WHAT YOU SHOULD DO
Pictures should be omitted; restate word for word the lines from the one holding "Les adhérents aident" through the last line of the entries below.

DATA FOR THE TASK below:

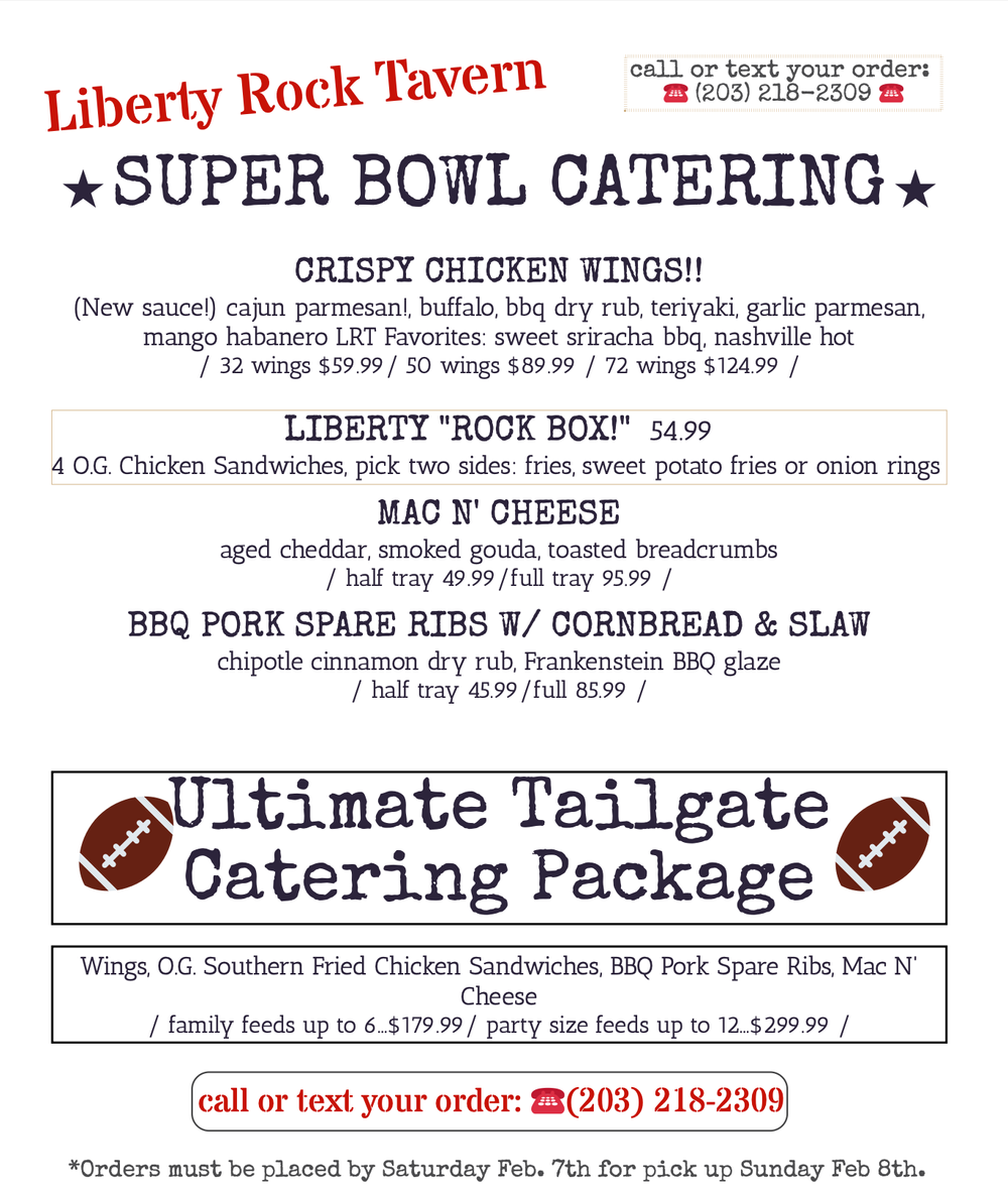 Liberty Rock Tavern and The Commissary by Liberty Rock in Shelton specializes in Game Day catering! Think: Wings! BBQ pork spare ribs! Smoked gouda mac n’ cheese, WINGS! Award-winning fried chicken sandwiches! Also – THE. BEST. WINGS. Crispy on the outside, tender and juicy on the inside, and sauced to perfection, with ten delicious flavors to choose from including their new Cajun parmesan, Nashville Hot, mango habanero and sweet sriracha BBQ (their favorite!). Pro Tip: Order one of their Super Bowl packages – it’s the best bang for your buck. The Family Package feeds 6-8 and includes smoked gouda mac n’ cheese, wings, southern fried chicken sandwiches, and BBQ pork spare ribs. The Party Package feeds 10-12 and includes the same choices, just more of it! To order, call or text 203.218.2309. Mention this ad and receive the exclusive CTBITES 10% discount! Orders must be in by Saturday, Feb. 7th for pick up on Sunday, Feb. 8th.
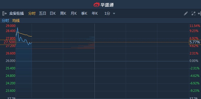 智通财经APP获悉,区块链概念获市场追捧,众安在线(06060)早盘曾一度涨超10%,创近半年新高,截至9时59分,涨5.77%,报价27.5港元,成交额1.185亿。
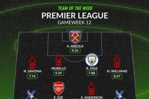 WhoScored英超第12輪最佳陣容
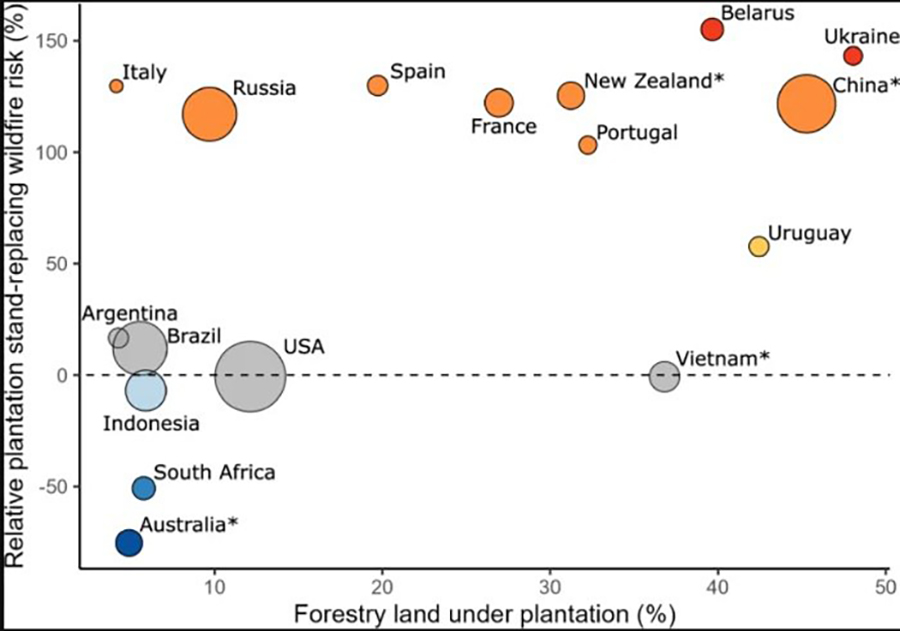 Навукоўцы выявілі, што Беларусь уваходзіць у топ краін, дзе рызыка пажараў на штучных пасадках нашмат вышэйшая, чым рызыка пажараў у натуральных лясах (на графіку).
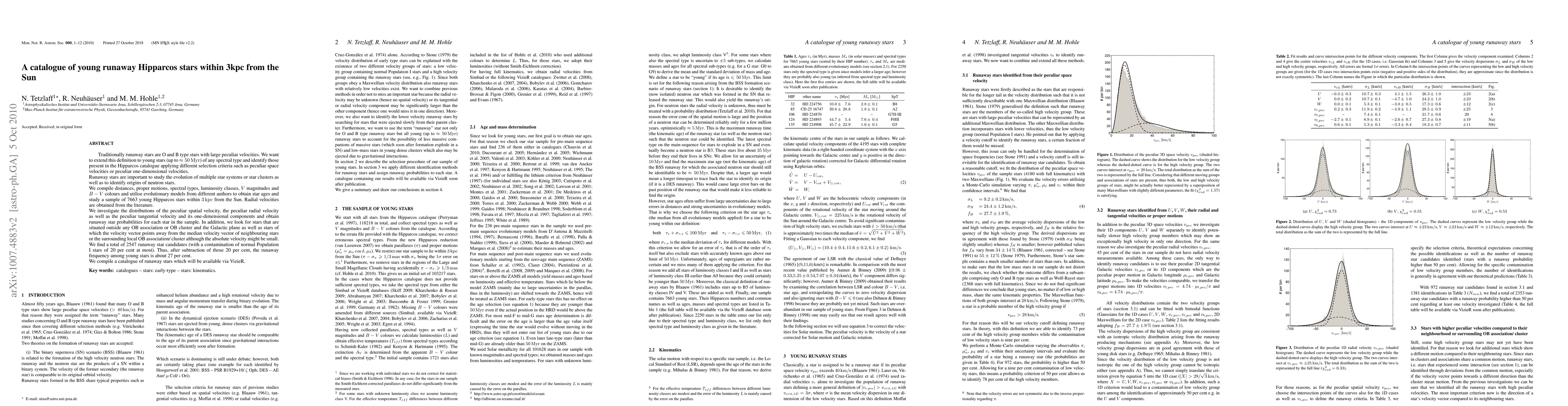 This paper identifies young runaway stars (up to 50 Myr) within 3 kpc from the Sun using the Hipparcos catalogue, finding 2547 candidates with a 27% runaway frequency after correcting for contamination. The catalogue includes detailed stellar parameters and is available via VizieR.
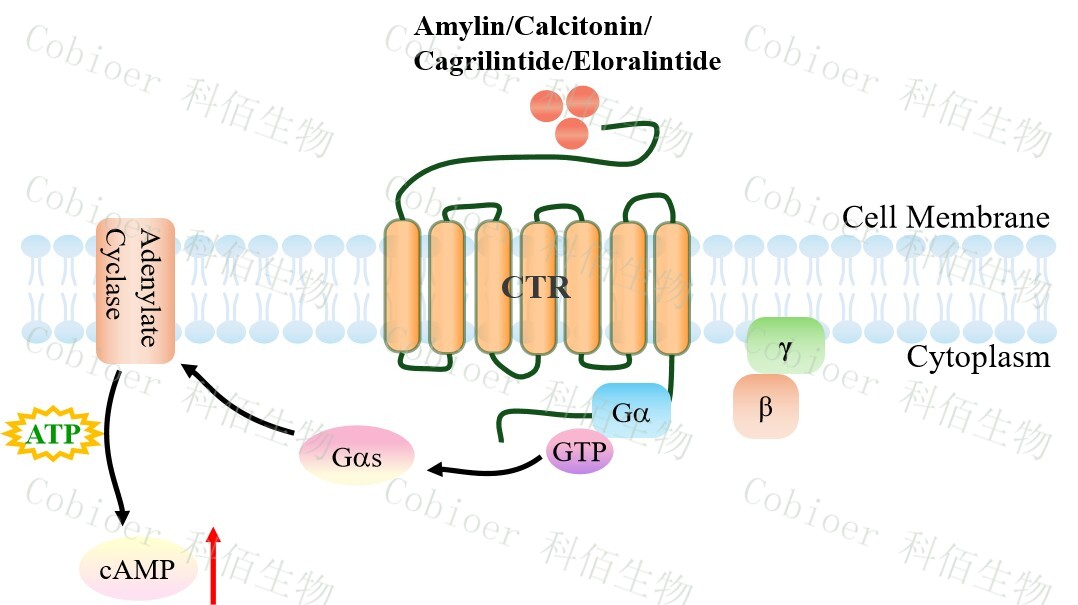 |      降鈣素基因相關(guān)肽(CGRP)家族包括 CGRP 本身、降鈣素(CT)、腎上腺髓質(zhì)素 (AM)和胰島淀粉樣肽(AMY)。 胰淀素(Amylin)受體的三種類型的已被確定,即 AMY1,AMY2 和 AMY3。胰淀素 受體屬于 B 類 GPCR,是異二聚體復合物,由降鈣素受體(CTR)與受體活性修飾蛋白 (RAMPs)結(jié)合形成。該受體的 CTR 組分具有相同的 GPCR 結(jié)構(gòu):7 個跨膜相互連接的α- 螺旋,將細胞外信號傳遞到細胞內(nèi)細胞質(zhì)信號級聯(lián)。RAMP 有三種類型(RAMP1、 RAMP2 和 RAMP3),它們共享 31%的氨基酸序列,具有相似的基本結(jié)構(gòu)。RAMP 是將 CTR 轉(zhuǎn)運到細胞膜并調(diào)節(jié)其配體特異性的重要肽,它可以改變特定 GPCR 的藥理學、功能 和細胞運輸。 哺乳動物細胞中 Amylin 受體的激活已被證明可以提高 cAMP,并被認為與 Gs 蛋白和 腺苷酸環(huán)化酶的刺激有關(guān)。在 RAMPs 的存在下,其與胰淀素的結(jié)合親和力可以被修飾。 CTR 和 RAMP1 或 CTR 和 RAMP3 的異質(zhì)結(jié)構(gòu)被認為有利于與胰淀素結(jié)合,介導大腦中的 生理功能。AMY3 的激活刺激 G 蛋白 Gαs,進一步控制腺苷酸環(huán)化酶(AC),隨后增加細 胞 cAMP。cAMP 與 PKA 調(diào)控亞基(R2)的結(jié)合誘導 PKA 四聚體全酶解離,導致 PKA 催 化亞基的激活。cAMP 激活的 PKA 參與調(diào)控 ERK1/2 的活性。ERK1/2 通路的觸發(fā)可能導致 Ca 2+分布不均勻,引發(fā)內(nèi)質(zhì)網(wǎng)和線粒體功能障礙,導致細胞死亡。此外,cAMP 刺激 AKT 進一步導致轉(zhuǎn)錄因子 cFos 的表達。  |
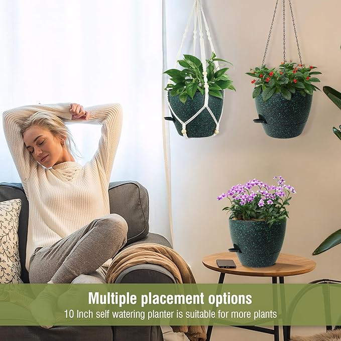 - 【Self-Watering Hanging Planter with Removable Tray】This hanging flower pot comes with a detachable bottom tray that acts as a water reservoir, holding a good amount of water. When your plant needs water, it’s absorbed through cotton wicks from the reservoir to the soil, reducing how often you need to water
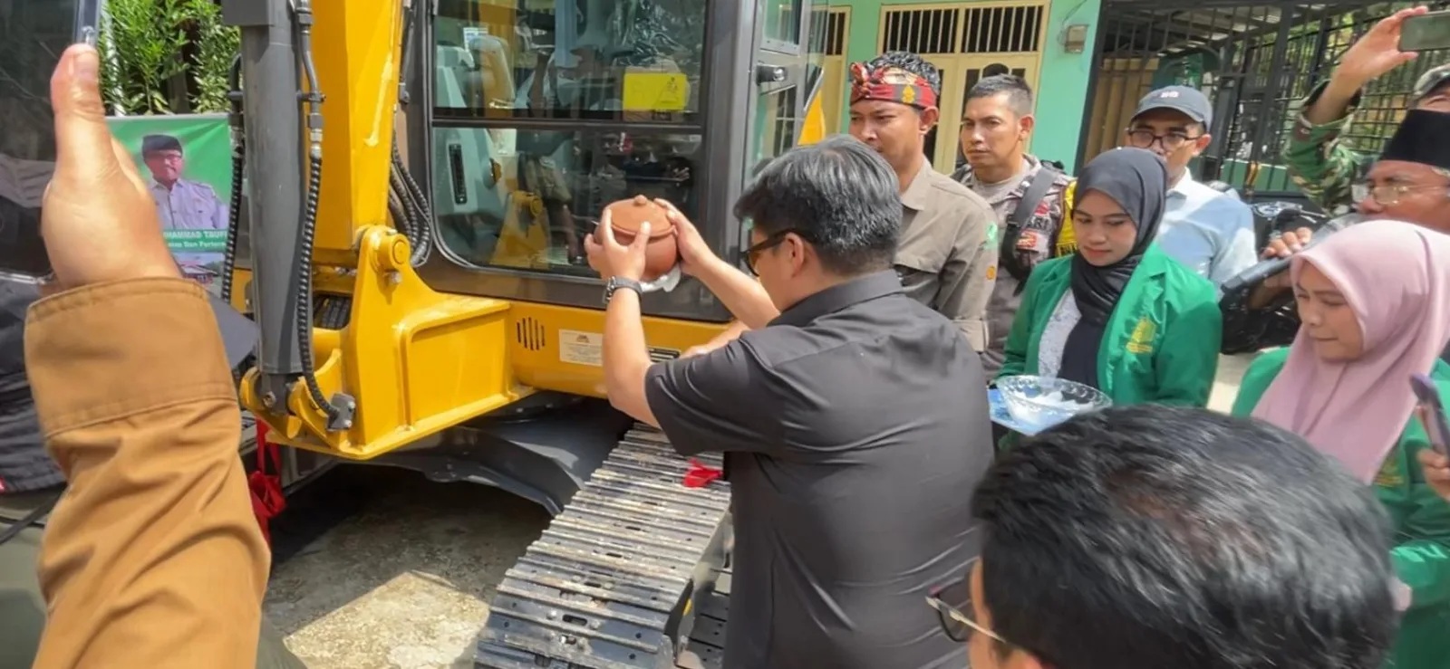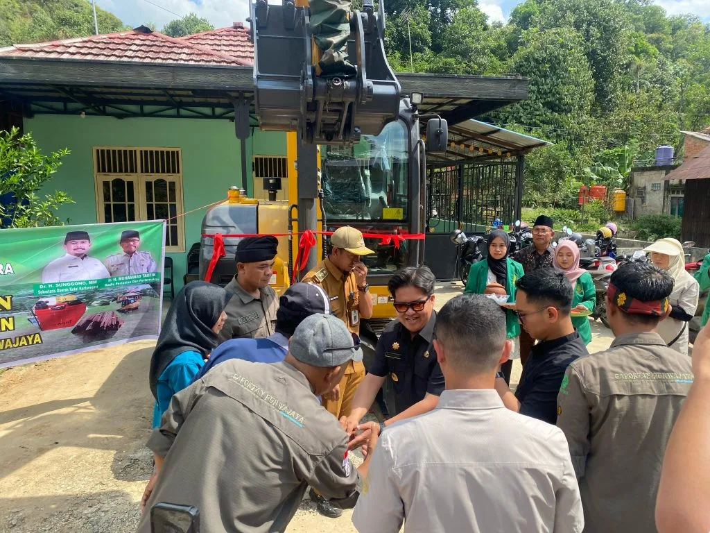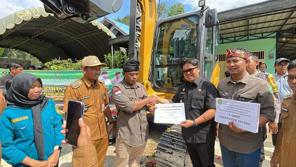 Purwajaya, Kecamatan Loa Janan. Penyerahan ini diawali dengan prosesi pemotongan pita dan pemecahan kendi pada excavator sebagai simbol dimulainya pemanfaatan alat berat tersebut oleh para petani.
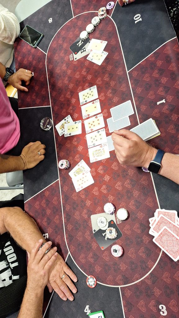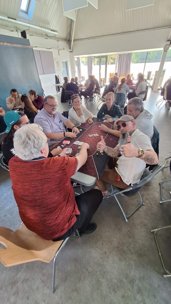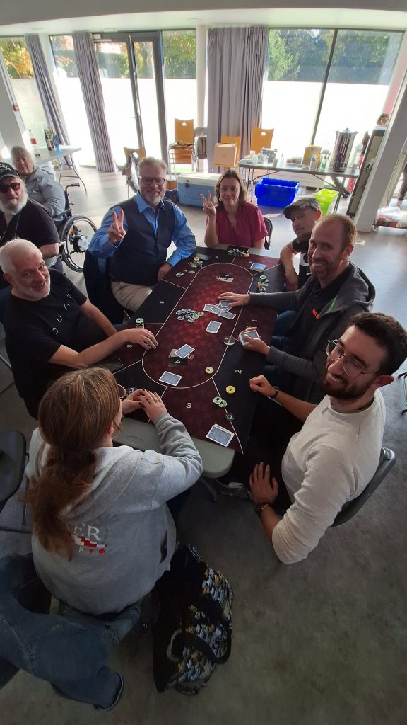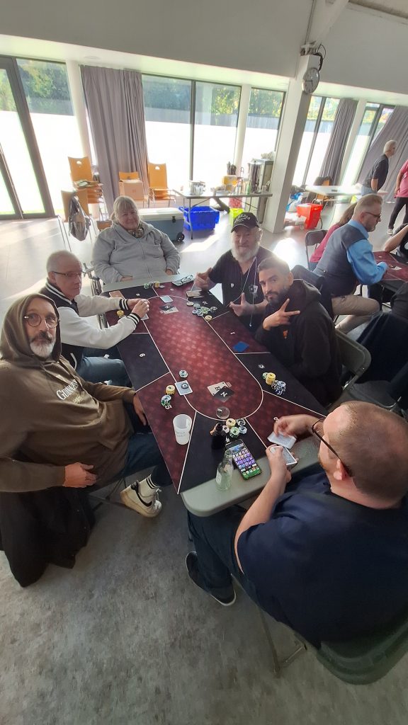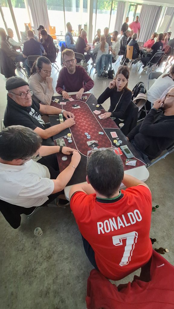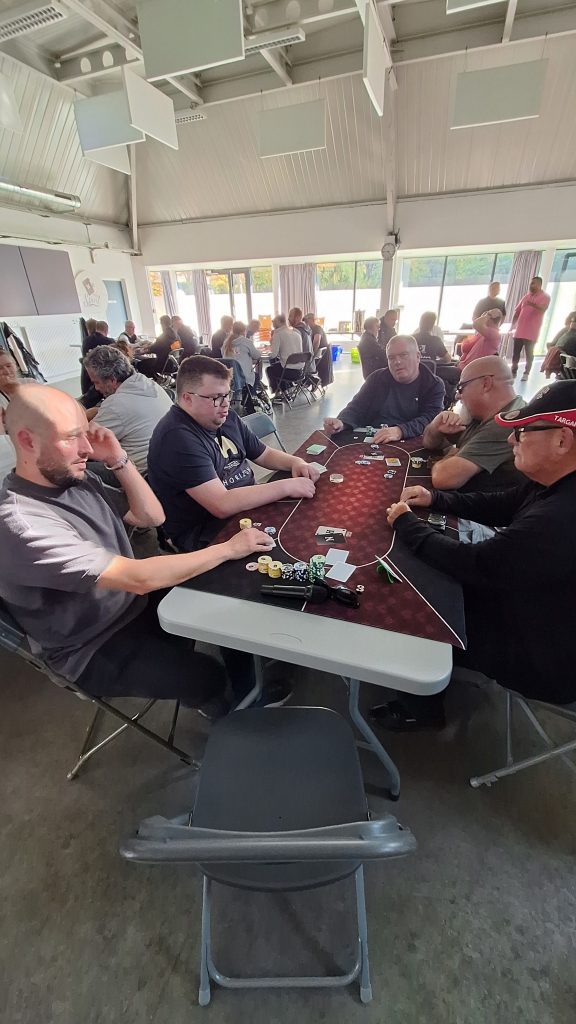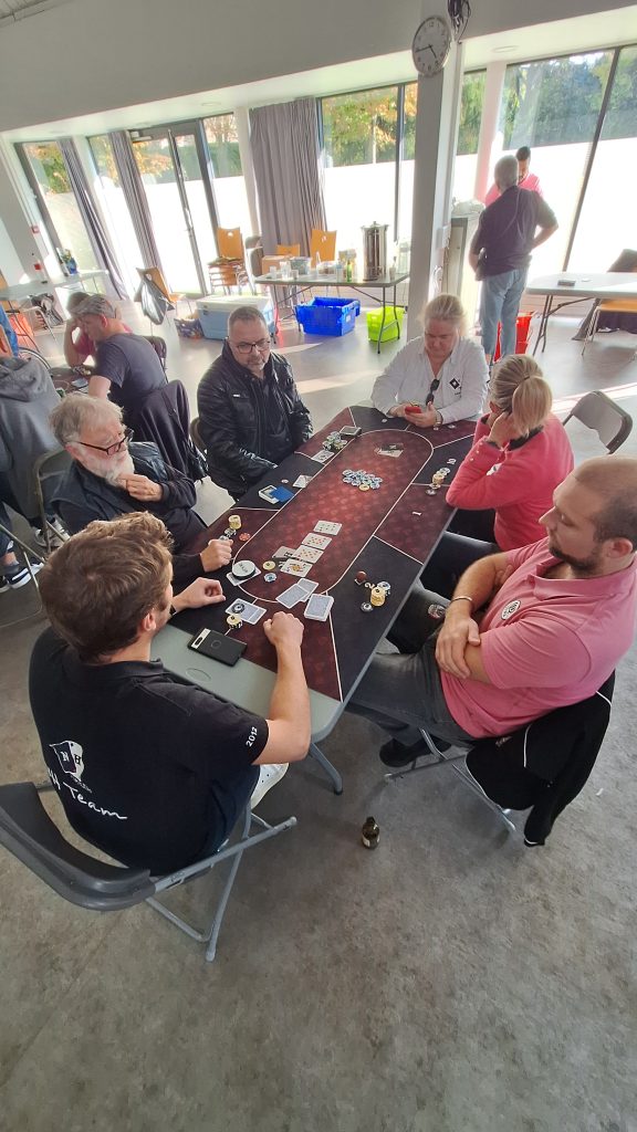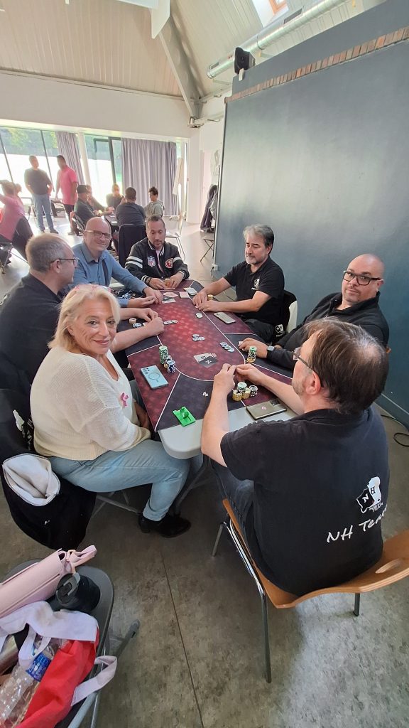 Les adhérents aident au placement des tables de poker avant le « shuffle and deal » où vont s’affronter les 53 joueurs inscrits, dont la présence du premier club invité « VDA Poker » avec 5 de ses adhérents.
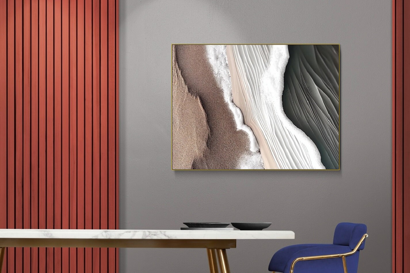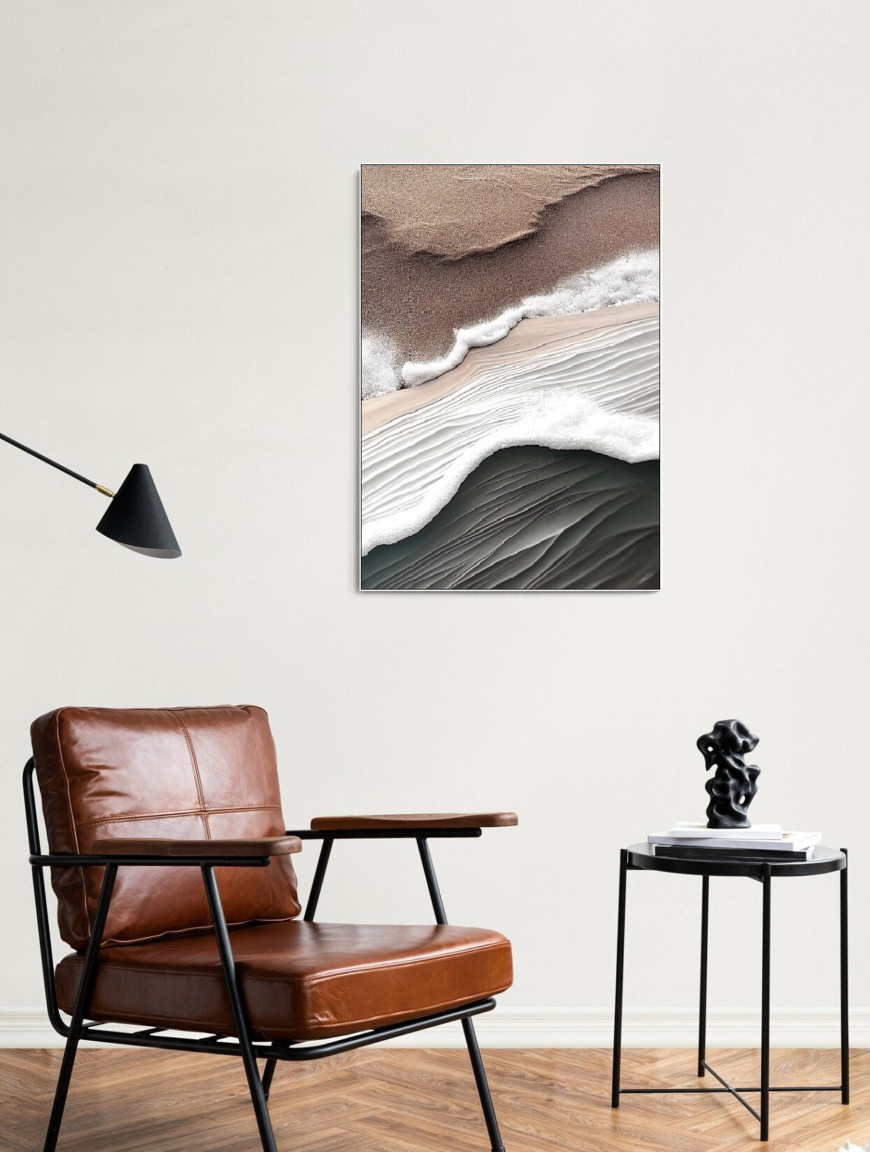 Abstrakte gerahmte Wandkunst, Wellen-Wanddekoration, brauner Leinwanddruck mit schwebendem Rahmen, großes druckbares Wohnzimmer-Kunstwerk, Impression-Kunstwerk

End of DATA FOR THE TASK.

ANSWER TO THE PROBLEM
 Les adhérents aident au placement des tables de poker avant le « shuffle and deal » où vont s’affronter les 53 joueurs inscrits, dont la présence du premier club invité « VDA Poker » avec 5 de ses adhérents.
 Abstrakte gerahmte Wandkunst, Wellen-Wanddekoration, brauner Leinwanddruck mit schwebendem Rahmen, großes druckbares Wohnzimmer-Kunstwerk, Impression-Kunstwerk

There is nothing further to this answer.